How to read the rest of the corpus
A few conventions run through every document, worth knowing up front:
- Conditional markets is the umbrella term for the whole product area, used everywhere. The five-book set built from one underlying and one event is a family; its outcomes are branches (YES / NO); a single book is a leg.
- A small, consistent notation recurs: F the underlying forward, p the YES probability (also the YES binary's price), Δ the impact (the spread between the two conditional prices), CY / CN the YES / NO conditional perpetual prices, BY / BN the YES / NO binary prices, σ / ρ volatility and correlation, and IM / MM initial and maintenance margin. (In this corpus MM always means maintenance margin, never "market maker.") Each symbol is reintroduced the first time it appears in a document, so any doc stands on its own.
- No-arbitrage identities are relationships, not guarantees.
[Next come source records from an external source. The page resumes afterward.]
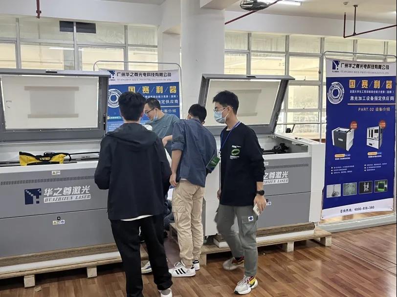 本次大賽采用的是我司研發、生產的,也是目前各大高校與先進制造企業常用的一款精密型非金屬切割雕刻一體機HZZ-V4000作為競賽中“激光加工”競賽環節的指定專用設備之一,我司倍感榮幸,為了完全保障競賽的順利開展,我司還安排了技術人員在比賽現場指導參賽選手正確操作,全力為參賽選手能拿到好成績做服務!
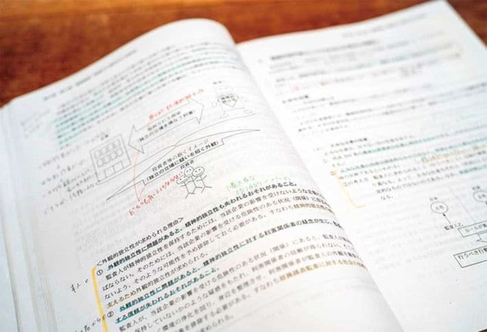 黄色い線は直前期に見返すところ、赤い書き込みは毎回間違えるところなど、ノートは使わず予備校の教科書に色分けして書き込みをする形で勉強した。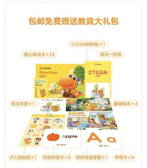 瓜瓜龙英语采用AI在线互动课程+助教微信群辅导+线下教材学习相结合的教学形式。用户购买课程后,除了在App中解锁每日课程内容,还会通过微信对接指导老师,加入班级群。用户还可收到一份瓜瓜龙寄出的教材,包括瓜瓜龙自编的绘本、练习册、单词卡。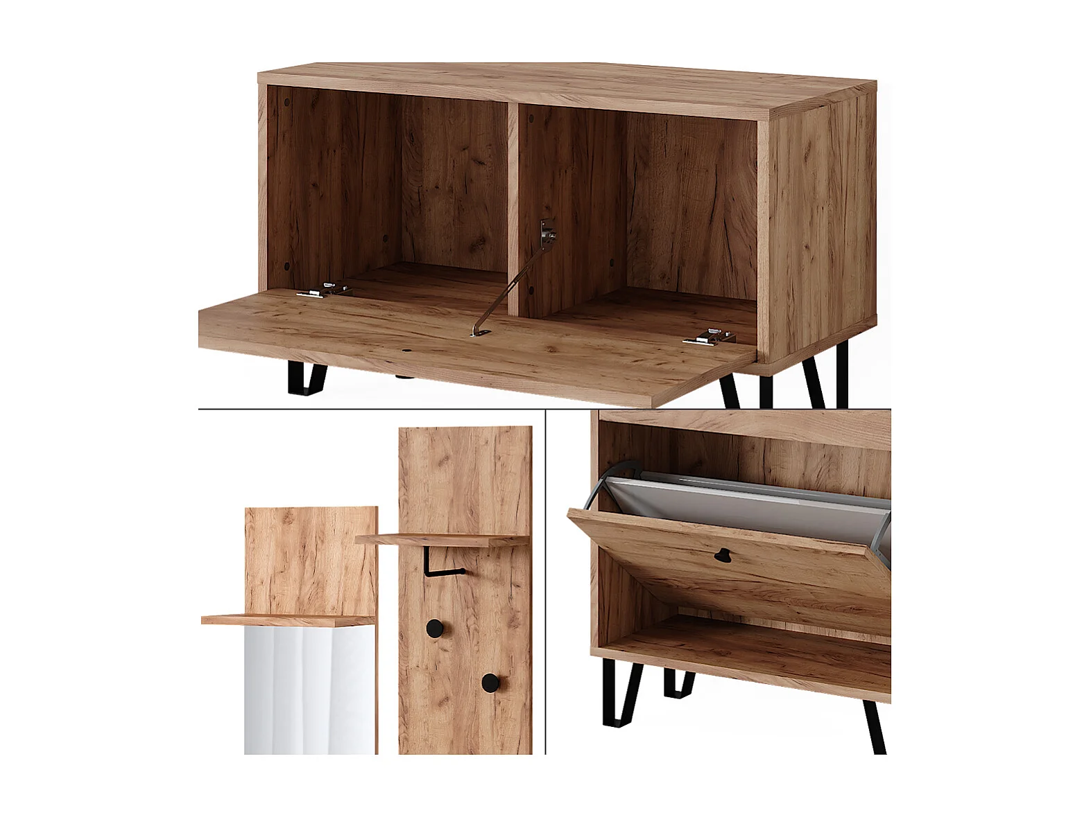 Appendiabiti con specchio e scarpiera, design pratico, pannello truciolare, colore rovere (190x104x39 cm)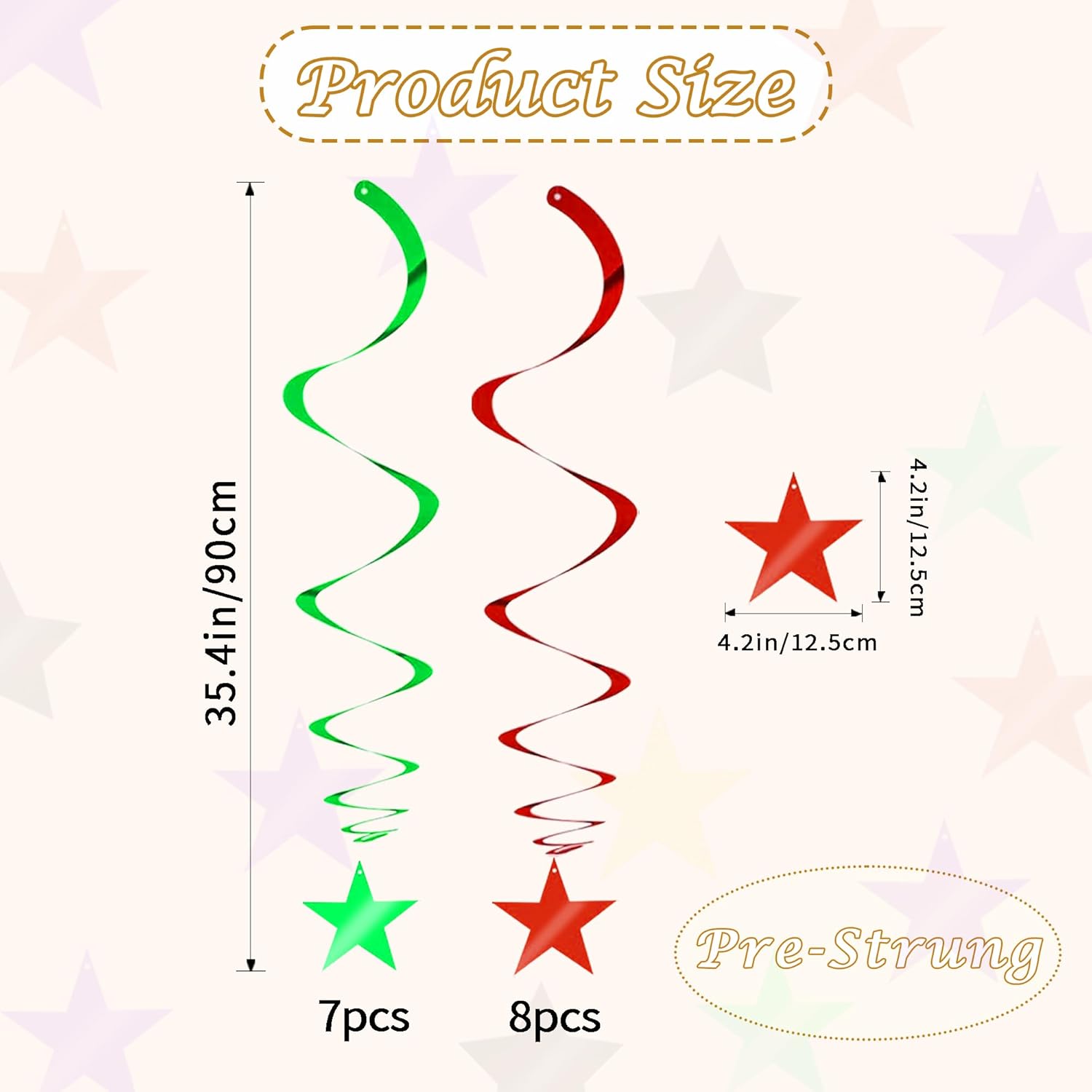 BEISHIDA Red Green Star Hanging Swirl Decorations, Birthday Hanging Party Supplies for Christmas Wedding Baby Shower Birthday Decorations,Pack of 15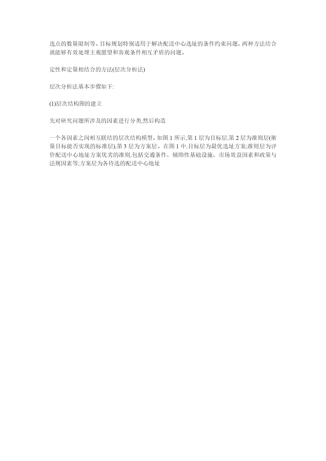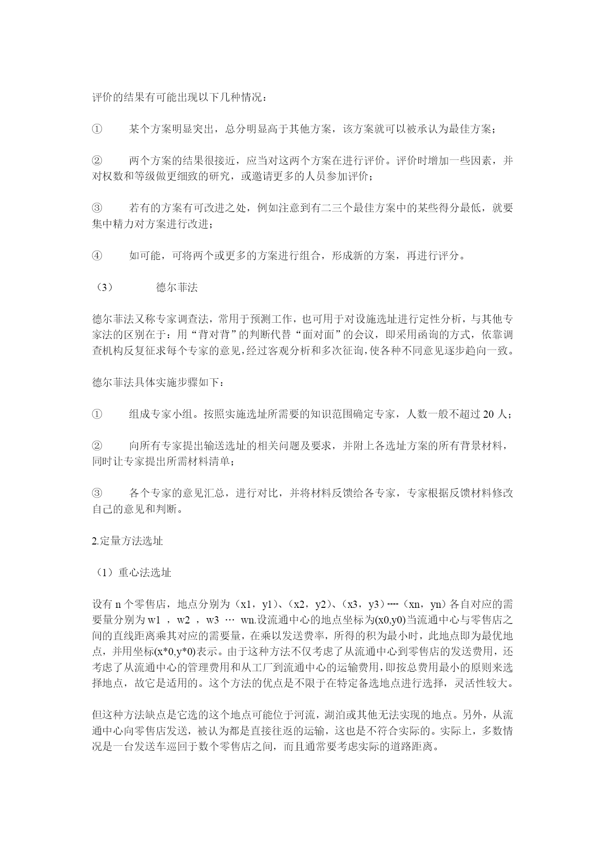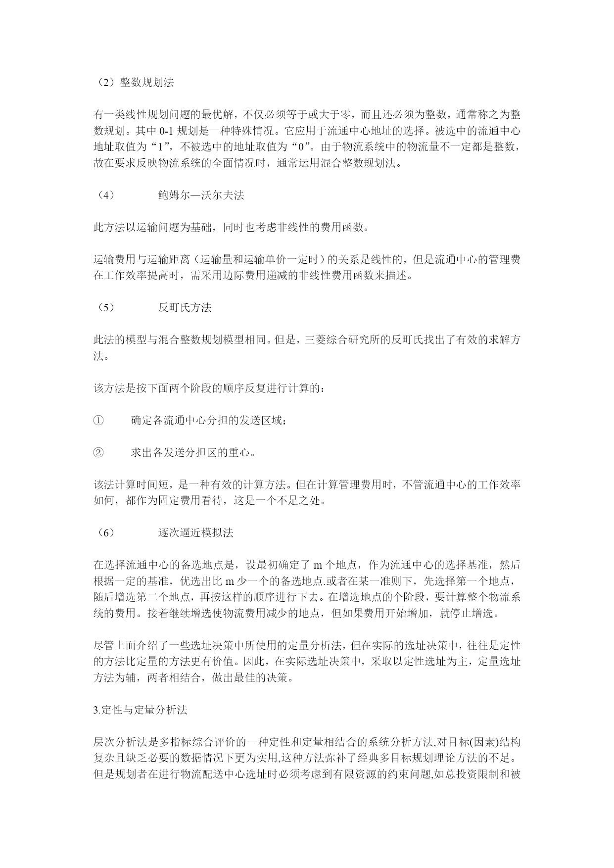 物流设施选址方法介绍定性分析法(1)优缺点比较法优缺点比较法是一种最简单的设施选址的定性分析法,尤其适应于非经济因素的比较。该方法的具体做法是:罗列出各个方案的优缺点进行分析比较,并按最优、次优、一般、较差、极坏5个等级对各个方案的各个特点进行评分,对每个方案的各项得分加总,得分最多的方案为最优方案。这种方法在实际应用中,有的规划人员可能认为某个实施方案的优缺点是“显而易见“的或是很容易明白的,从而忽略了有说服力的分析。其实,对一个有经验的规划人员,列出一个优缺点评价表并不困难,而对说服有关人员却是十分必要和有效的。问题是要选择好优缺点所涉及的因素。特别是有关人员所考虑和关心的主导因素,这一点对决策者特别重要。为了防止遗漏。可以编一个内容齐全而最常用的实施方案评价因素点检表,供规划人员结合实施的具体情况逐项点检并筛选需要比较的因素。优缺点比较法的比较因素可从以下方面考虑:区域位置、面积及地形、地势与坡度、风向和日照、地质条件、土石方工程量、场址、现在所有者情况、交通情况、与城市的距离、供电与给排水、地震、防洪措施、经营条件、协作条件、建设速度等。这一方法基本上是就事论事,缺乏量化的比较,科学性不足,对非成本因素考虑较少,难以满足市场经济条件下的运作。但是这种传统方法中对各种选址因素的罗列分析,特别是调查研究的经验对初学者在选址中制订各种侯选方案是仍有借鉴之处。(2)加权因素比较法这种方法的特点是可以把提供比较的各项因素进行加权综合比较,充分考虑了各种因素对方案的影响程度,因此是一种比较通用的方法。关键是要选择好比较的因素,合理地确定各个因素的权数和客观地对每个方案的各个因素打分。加权因素评价的程序如下:①明确要评价的方案②选址考虑的因素③准备评分表④确定每个因素的相对重要性⑤给每个方案每个因素评分⑥计算加权分评价的结果有可能出现以下几种情况:①某个方案明显突出,总分明显高于其他方案,该方案就可以被承认为最佳方案;②两个方案的结果很接近,应当对这两个方案在进行评价。评价时增加一些因素,并对权数和等级做更细致的研究,或邀请更多的人员参加评价;③若有的方案有可改进之处,例如注意到有二三个最佳方案中的某些得分最低,就要集中精力对方案进行改进;④如可能,可将两个或更多的方案进行组合,形成新的方案,再进行评分。(3)德尔菲法德尔菲法又称专家调查法,常用于预测工作,也可用于对设施选址进行定性分析,与其他专家法的区别在于:用“背对背”的判断代替“面对面”的会议,即采用函询的方式,依靠调查机构反复征求每个专家的意见,经过客观分析和多次征询,使各种不同意见逐步趋向一致。德尔菲法具体实施步骤如下:①组成专家小组。按照实施选址所需要的知识范围确定专家,人数一般不超过20人;②向所有专家提出输送选址的相关问题及要求,并附上各选址方案的所有背景材料,同时让专家提出所需材料清单;③各个专家的意见汇总,进行对比,并将材料反馈给各专家,专家根据反馈材料修改自己的意见和判断。2.定量方法选址(1)重心法选址设有n个零售店,地点分别为(x1,y1)、(x2,y2)、(x3,y3)┉(xn,yn)各自对应的需要量分别为w1,w2,w3…wn.设流通中心的地点坐标为(x0,y0)当流通中心与零售店之间的直线距离乘其对应的需要量,在乘以发送费率,所得的积为最小时,此地点即为最优地点,并用坐标(x*0,y*0)表示。由于这种方法不仅考虑了从流通中心到零售店的发送费用,还考虑了从流通中心的管理费用和从工厂到流通中心的运输费用,即按总费用最小的原则来选择地点,故它是适用的。这个方法的优点是不限于在特定备选地点进行选择,灵活性较大。但这种方法缺点是它选的这个地点可能位于河流,湖泊或其他无法实现的地点。另外,从流通中心向零售店发送,被认为都是直接往返的运输,这也是不符合实际的。实际上,多数情况是一台发送车巡回于数个零售店之间,而且通常要考虑实际的道路距离。(2)整数规划法有一类线性规划问题的最优解,不仅必须等于或大于零,而且还必须为整数,通常称之为整数规划。其中0-1规划是一种特殊情况。它应用于流通中心地址的选择。被选中的流通中心地址取值为“1”,不被选中的地址取值为“0”。由于物流系统中的物流量不一定都是整数,故在要求反映物流系统的全面情况时,通常运用混合整数规划法。(4)鲍姆尔—沃尔夫法此方法以运输问题为基础,同时也考虑非线性的费用函数。运输费用与运输距离(运输量和运输单价一定时)的关系是线性的,但是流通中心的管理费在工作效率提高时,需采用边际费用递减的非线性费用函数来描述。(5)反町氏方法此法的模型与混合整数规划模型相
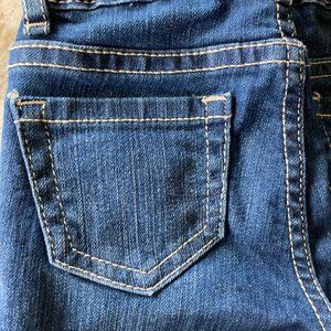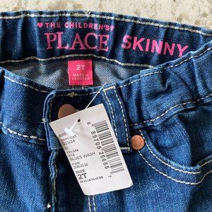 Children's Place skinny straight leg jeans are dark wash with white contrast stitching.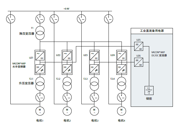 通過采用低壓水冷變頻器并結合“降壓-升壓”方案,來驅動中壓電機,IC-ART 和丹佛斯共同開發的直流備用電源系統來保證主電晃電或故障時的可靠持續運行

Wherever you see F = p·CY + (1 − p)·CN, BY + BN ≈ $1, or similar, read them as how fair prices relate — held by arbitrage, not enforced by the engine.
- Numbers are illustrative. Any worked figure is an example chosen to make a mechanism concrete, not a live or canonical value.
You can read straight through from here, or jump to whichever document answers your question — each is written to stand alone. If you are new to Proof, the most direct path is this overview, then market structure and instruments, then settlement, then the margin documents; pricing and trading go deeper for readers who want the reasoning underneath. Two things are worth carrying into everything else, because they correct the most common misconceptions: a losing conditional perpetual is voided with margin returned, not a loss to zero, and a hedge built from a conditional perpetual holds in the branch where that perpetual fires — so the standard practice is to plan for the post-resolution position you want and to flatten or fully box ahead of resolution.